If hypertension is still not controlled, amlodipine, felodipine and calcium channel blockers (CCB) with negative inotropic effects, such as diltiazem and verapamil, are recommended.
(3) Hypertension combined with acute heart failure
The main diuretics and vasodilators, including nitroglycerin, sodium nitroprusside or uradil, should be given intravenously to lower blood pressure while controlling heart failure.
If the condition is mild, the blood pressure can be gradually lowered within 24-48 hours.
However, in patients with severe disease and acute pulmonary edema, the reduction of mean arterial pressure should not exceed 25% of the pre-treatment level within the first 1 hour, to 160/100~110mmHg within 2~6 hours, and gradually reduce blood pressure to normal within 24~48 hours.
5. Clinical benefit of antihypertensive treatment
A meta-analysis of large samples showed that for every 10 mmHg reduction in systolic blood pressure (SBP), the risk of heart failure was significantly reduced by 28%. Recent studies have confirmed that intensive blood pressure lowering (SBP <120 mmHg) can significantly reduce the incidence of heart failure by 38% and cardiovascular death by 43% in hypertensive patients compared to standard antihypertensive therapy (SBP <140 mmHg).
References
[1] Yin YG, Lv L, Wang WN. Correlation analysis of serum neuromodulin-1 and ventricular remodeling in patients with essential hypertension combined with heart failure[J]. Chinese Journal of Modern Medicine,2022,32(02):58-63.
[2]Zhang Ying. The first step in controlling blood pressure to prevent heart failure[N]. Health News,2021,12(02).
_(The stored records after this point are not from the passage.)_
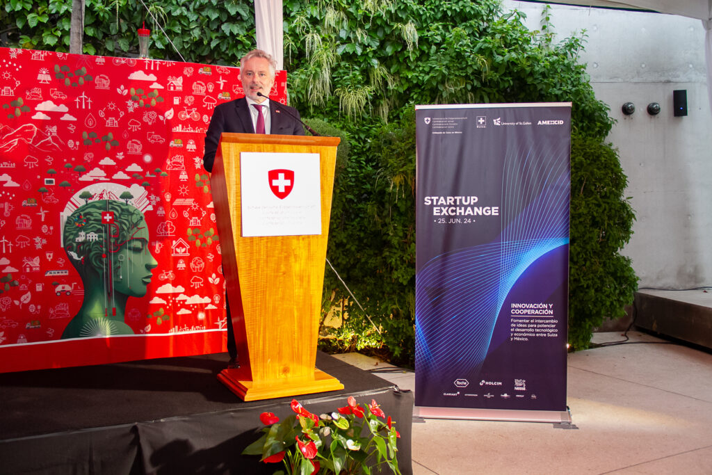 La Embajada de Suiza en México presentó el «Startup Exchange Suiza y México 2024», un evento en el que recibió a prometedoras startups suizas y mexicanas, ocho de cada país, en compañía de grandes empresas e inversionistas interesados en estas destacadas innovaciones en áreas clave como AgriTech, MedTech, CleanTech y Agua, FinTech y Ciberseguridad.
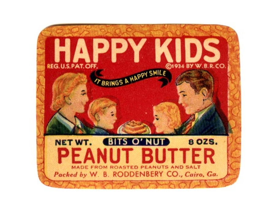This Happy Kids Peanut Butter, with Bits O’ Nuts, label is from the W.B. Roddenbery Co. in Cairo, Georgia. By the way, if you're from South Georgia that's pronounced “Kay_Row”. The label dates back to 1934 and has a great image of the family enjoying their Happy Kids peanut butter. This label went on an 8 oz. jar and measures 2.15" Wide x 1.75” High in unused near mint condition.
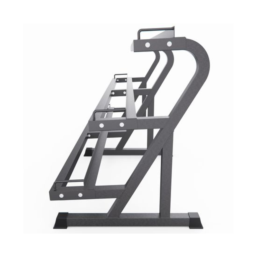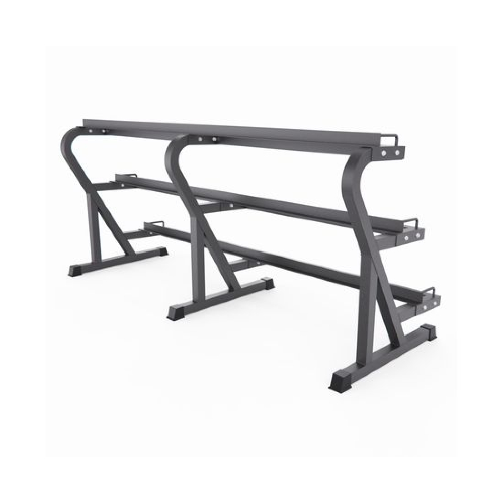 Стойка для хранения гантелей DFC RA100 — это практичное решение для организации домашнего пространства и создания комфортных условий для тренировок. Она позволяет аккуратно разместить гантели разного веса, избавляя от беспорядка и делая спортивную зону более функциональной и безопасной.Конструкция стойки рассчитана на максимальную нагрузку до 250 кг и выполнена из прочного стального профиля, что гарантирует её устойчивость, долговечность и безопасность при использовании. Надёжная рама выдерживает значительные нагрузки без деформации, а защитное металлическое покрытие предотвращает появление коррозии и царапин, сохраняя привлекательный внешний вид даже при длительной эксплуатации.Трёхъярусная конструкция стойки позволяет удобно разместить гантели различных размеров и весов. Оптимальное расстояние между полками обеспечивает лёгкий доступ к каждой паре гантелей, а сама стойка экономит пространство, сохраняя порядок в домашнем спортзале.Внутреннее расстояние между стойками составляет 209 см, внешнее — 17,3 см, а внутренний зазор — 12 см. Эти параметры обеспечивают устойчивость конструкции и удобное размещение спортивного инвентаря любого формата.Стойка для гантелей DFC RA100 обеспечивает безопасное хранение спортивного инвентаря, исключая риск случайного падения или повреждения снарядов. Рационально расположенные уровни позволяют размещать гантели разного веса и размера без перегрузки конструкции.Гарантия на детали подверженные естественному износу в процессе эксплуатации — до 6 месяцев с момента установки тренажера при условии регулярного планового ТО. Важно: гарантия не распространяется на преждевременный износ из-за чрезмерной эксплуатации тренажера.
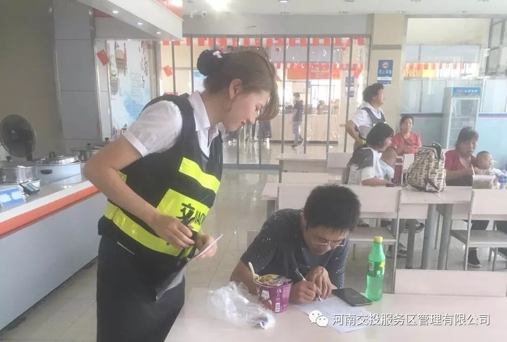 各服務(wù)區(qū)完善相關(guān)便民措施,開展志愿者服務(wù)、愛心救助等形式多樣的服務(wù)活動(dòng),樹立良好的社會(huì)形象,為司乘人員提供幫助,如鶴壁服務(wù)區(qū)10月3日接到參加國慶節(jié)70年慶典凱旋歸來的河南鵝坡武校師生,共計(jì)20余輛大巴車、1600余名人員要在服務(wù)區(qū)停留休整的通知后,緊急啟動(dòng)應(yīng)急服務(wù)保障預(yù)案,全力為凱旋團(tuán)人員、車輛提供服務(wù)保障,圓滿完成保障任務(wù)。周口東服務(wù)區(qū)成立了“小紅帽”黨員青年志愿者服務(wù)隊(duì),在國慶假日期間深入到餐廳、超市、廣場等區(qū)域,為廣大顧客做好咨詢引導(dǎo)、秩序維護(hù)、助殘幫老等志愿服務(wù)工作,最大限度的為顧客提供的幫助,受到廣泛好評。中牟南服務(wù)區(qū)開展司乘滿意度調(diào)查活動(dòng) 各服務(wù)區(qū)完善社會(huì)監(jiān)督機(jī)制,設(shè)立服務(wù)意見箱,積極借鑒、吸納司乘人員提出的合理化意見和建議,如中牟南服務(wù)區(qū)開展司乘滿意度調(diào)查活動(dòng),有效促進(jìn)了國慶期間服務(wù)區(qū)服務(wù)保通工作的順利開展。節(jié)日期間,公司各服務(wù)區(qū)秩序井然,未出現(xiàn)斷貨、食品安全等問題。
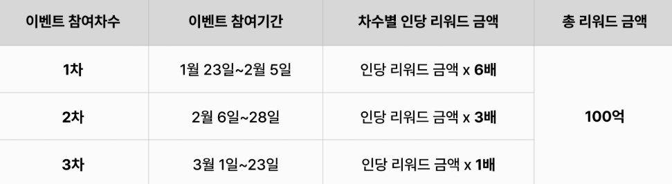 이벤트 참여기간에 따라 차등적으로 총 100억 상당 리워드 지급 (빠르게 참여할수록 더 큰 혜택 지급)
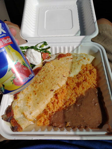 Ordered here thinking not so many people so food should be done faster well wrong waited 25min. A man next to us complaining also about the wait and would rather leave without food but had already paid. Proceeded to leave with food in hand. When we got to our destination began to eat a carne asada burrito with beans rice Lettuces tomatoes onions jalapenos and guacamole. Thinking super good until I gave it a bite and get a not pleasant taste of hard pieces of fat thru out the burrito. The green salsa was way to spicy with no flavor for my liking and the red salsa seem to be tomatoe sauce. They were friendly...
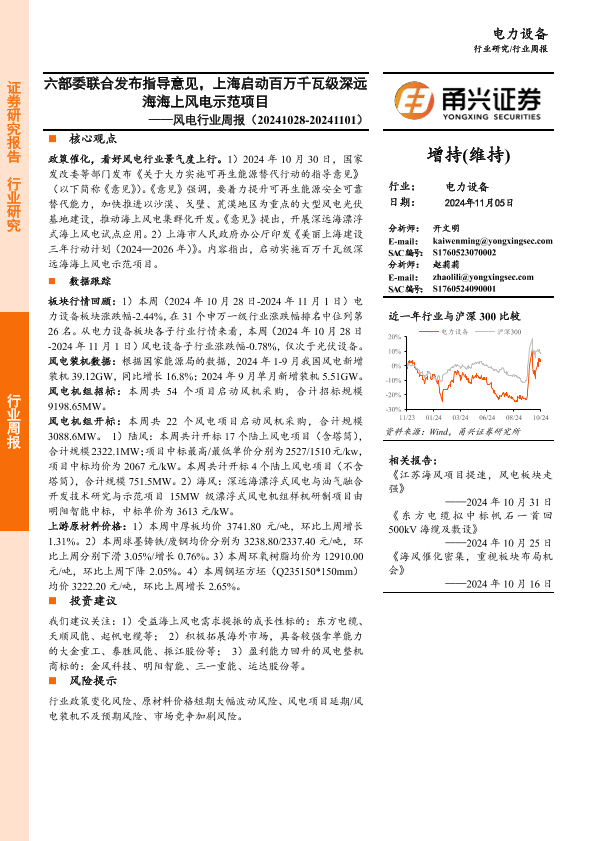 【甬兴证券】【20241105】20241105-甬兴证券-风电行业周报:六部委联合发布指导意见,上海启动百万千瓦级深远海海上风电示范项目-14页
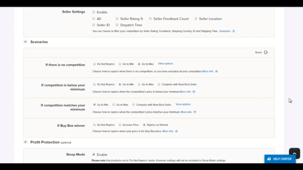 In Scenario section, you can also fine-tune what your product will do in certain scenarios, for example, if there are no competitors, if there’s competition below your minimum price, or even if you have the buy box. This is very useful for fine-tuning how your rules are going to work.
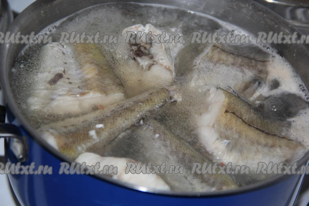 Выложить кусочки минтая в кастрюлю и залить, примерно, 2,5 литрами воды, отправить на огонь. Бульон довести до кипения, снять пену, уменьшить огонь и варить рыбу, примерно, 20 минут.
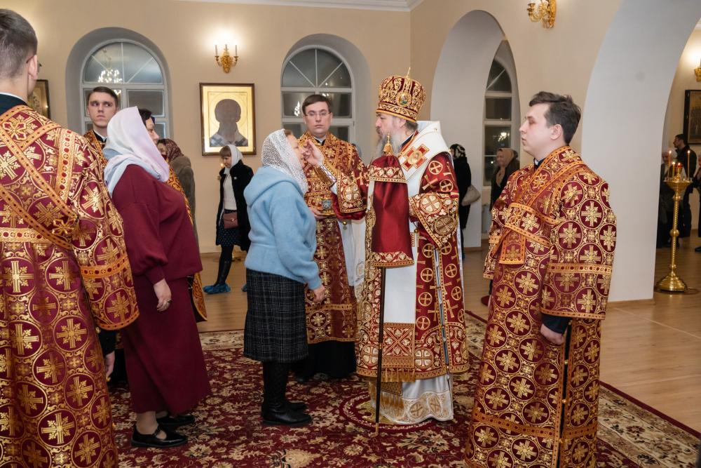 За вечерним богослужением Высокопреосвященный митрополит Серафим совершил литию с освящением хлебов, пшеницы, вина и елея. Во время утрени, по прочтении Святого Евангелия, глава Пензенской митрополии помазал освященным елеем верующих, собравшихся в соборе накануне воскресного дня.
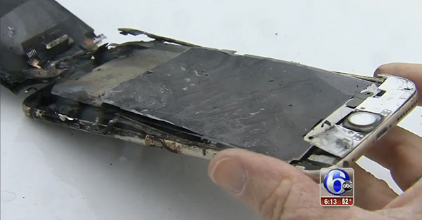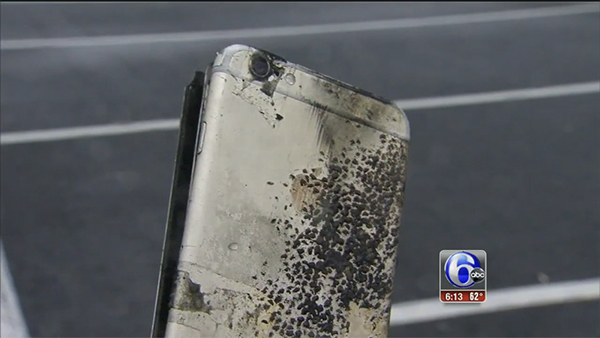Darin Hlavaty ซึ่งเป็นนักเรียนใน Burlington County College ในรัฐนิวเจอร์ซีย์ ให้สัมภาษณ์กับสำนักข่าว 6ABC ประจำท้องถิ่นว่า เขาใส่ iPhone 6 Plus ของเขาไว้ในกระเป๋าหลังของกางเกงยีนส์ และนั่งทับไว้ในขณะที่กำลังจะเริ่มเรียน แต่หลังจากนั้นไม่นานไอโฟนเครื่องดังกล่าวก็เริ่มมีควันออกมา โดย Rebecca Bookbinder นักเรียนอีกรายหนึ่งเล่าว่า เธอได้ยินเสียงคล้ายอะไรกำลังไหม้ และเสียงระเบิดเล็กๆ จากนั้นเธอก็เห็นว่ามีกลุ่มควันพวยพุ่งออกมาจากกระเป๋ากางเกงด้านหลังของ Hlavaty ทุกคนจึงเข้าใจได้ทันทีสมาร์ทโฟนของเขากำลังไหม้อยู่ ส่วน Hlavaty กล่าวว่า เมื่อเขารู้ว่าไอโฟนของเขากำลังไหม้ จึงรีบหยิบออกมาจากกระเป๋ากางเกง แต่ตัวเครื่องร้อนมาก ทำให้เขาต้องทิ้งโทรศัพท์ลงพื้นทันที และก็เกิดไฟลุกขึ้นตามมา
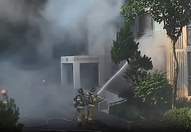 대전의 한 아파트에서 전기적 요인으로 화재가 발생해 소방대원들이 진화하고 있다. 대전소방본부 제공 |
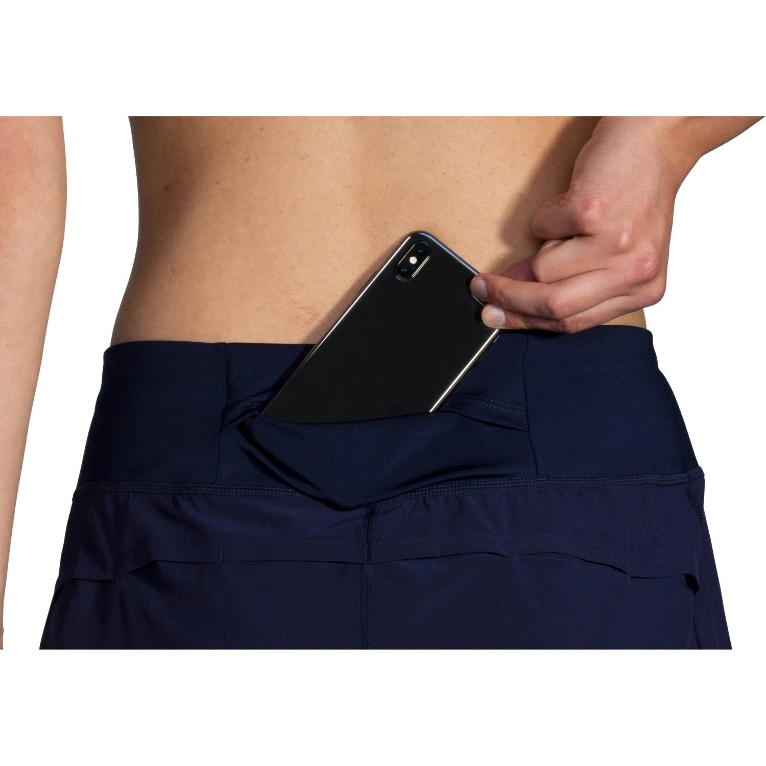 Perfect for running comes the Brooks Chaser Shorts. These shorts feature a five inch inseam that features a smooth, wider waistband with infinity drawstring for a secure and adjustable fit. The soft stretchy, jersey liner will not ride or bunch up and are built with a moisture wicking material and smooth cloud seaming for a dry and comfortable fit. There are two front pockets and a back pocket that is large enough for a phone and a bungee loop for your keys.
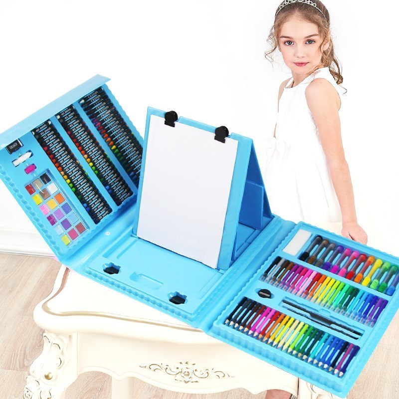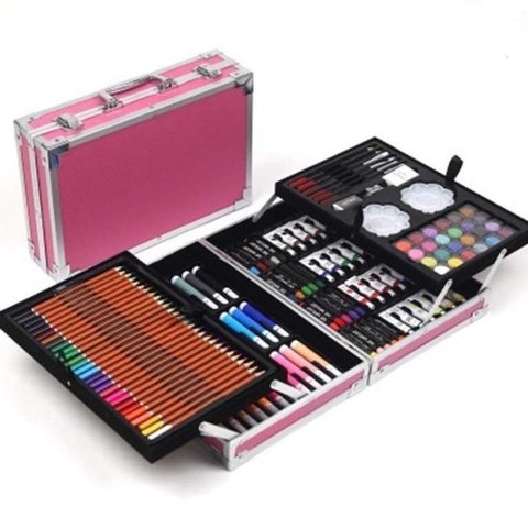 Набор изготовлен в виде чемоданчика и компактно складывается для хранения и транспортировки. Содержит карандаши, фломастеры, краски, восковые мелки и многое другое. Ребенок сможет рисовать все, что только пожелает, разнообразие цветов позволит ему создавать любые картины.
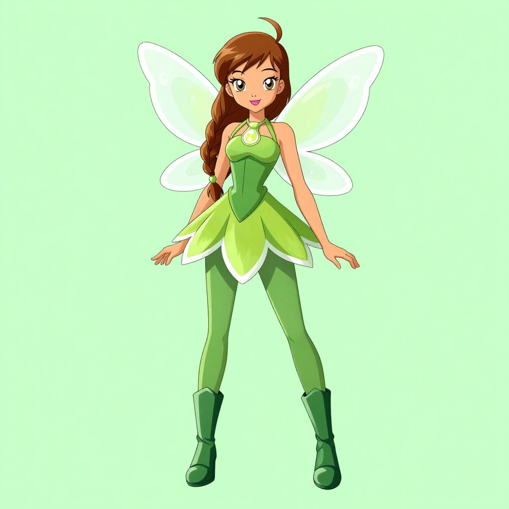 Green winx costume, 1girl, solo, wings, pantyhose, brown hair, green dress, dress, braid, fairy wings, full body, fairy, boots, long hair

[3] Chen Junxia, Chen Hong, Xiao Scared M. Intervention of sakubatril valsartan combined with recombinant human cerebrolytic natriuretic peptide in patients with hypertension and heart failure[J]. Cardiovascular disease control knowledge,2021,11(27):10-12.
[4] Zhang Hongling, ed. Clinical diagnosis and treatment practice of hypertension [M]. Kunming:Yunnan Science and Technology Press,2018(03):178-180.